Component Technology Why I Chose It
News Fetching Brave Search API Good coverage, reasonable pricing
AI Analysis xAI Grok Fast, cost-effective, good at structured output
Backend AWS Lambda Serverless = pay only for what you use
Database AWS DynamoDB Fast reads, scales automatically
Frontend React Industry standard, great ecosystem
Hosting GitHub Pages Free for static sites

Why Serverless?

Traditional servers run 24/7 whether anyone is using them or not. That's expensive.

With AWS Lambda, I only pay when code executes. The system runs hourly to refresh topics, and on-demand when users request analysis.
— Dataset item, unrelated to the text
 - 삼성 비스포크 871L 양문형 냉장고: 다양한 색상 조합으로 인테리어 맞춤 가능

During off-peak hours, cost approaches zero.

For a side project that needs to be sustainable, this makes all the difference.
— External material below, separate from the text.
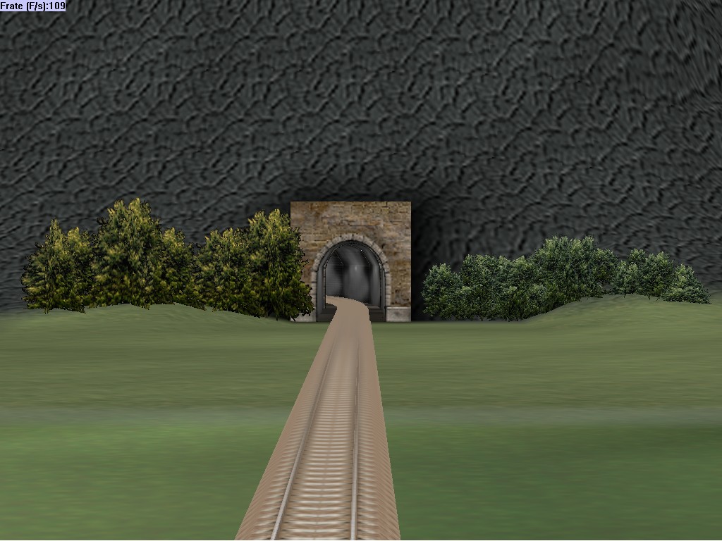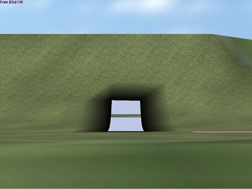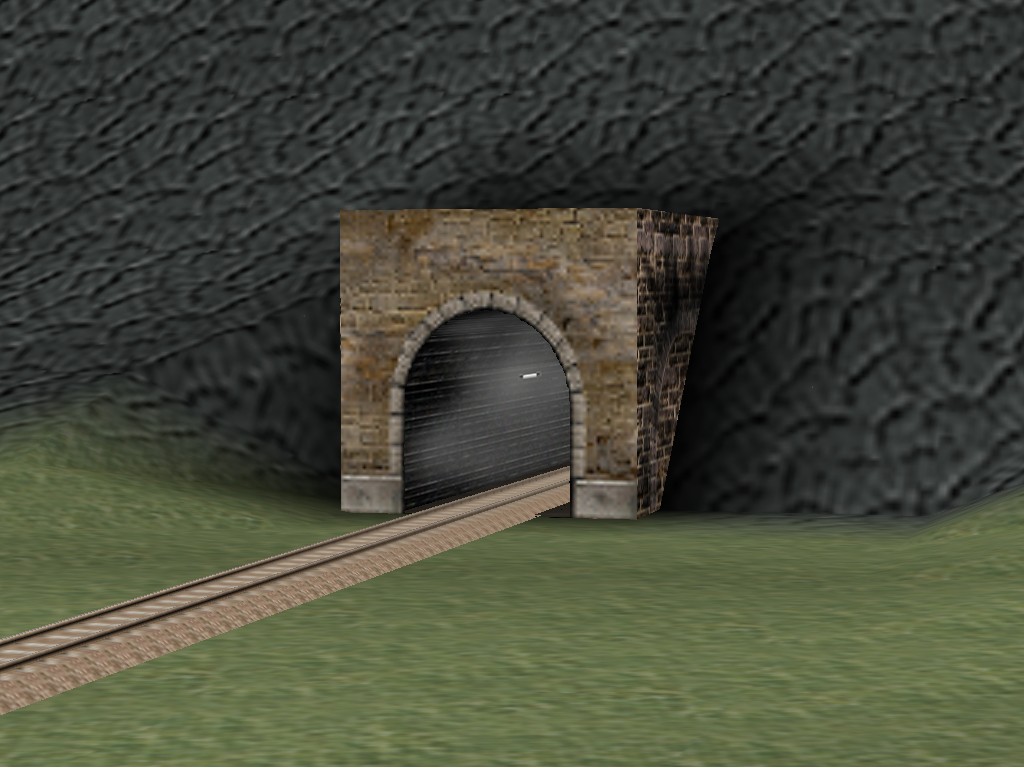 hoch, so daß es sich mit dem Tunneleingang gut abdecken läßt. Der Berg sieht in der 2D Ansicht noch ziemlich

The Monthly Cost Breakdown

Service Monthly Cost (CAD)
Brave Search API ~$20
xAI Grok (topic clustering) ~$14
xAI Grok (analysis) ~$21
AWS Lambda ~$10
AWS DynamoDB ~$10
GitHub Pro ~$6
Total ~$81/month

That's about $2.70 per day — less than a single coffee.

Or put another way: half the cost of a Netflix subscription to run an AI system that processes news from around the world every hour.

The key to keeping costs low:

  1. Aggressive caching — Don't regenerate what hasn't changed
  2. Serverless architecture — Pay only for actual compute time
  3. Efficient AI models — xAI Grok is optimized for cost/performance
  4. Smart batching — Group operations to minimize API calls

The Technical Challenge That Almost Broke Everything

About a month in, users started reporting a strange problem.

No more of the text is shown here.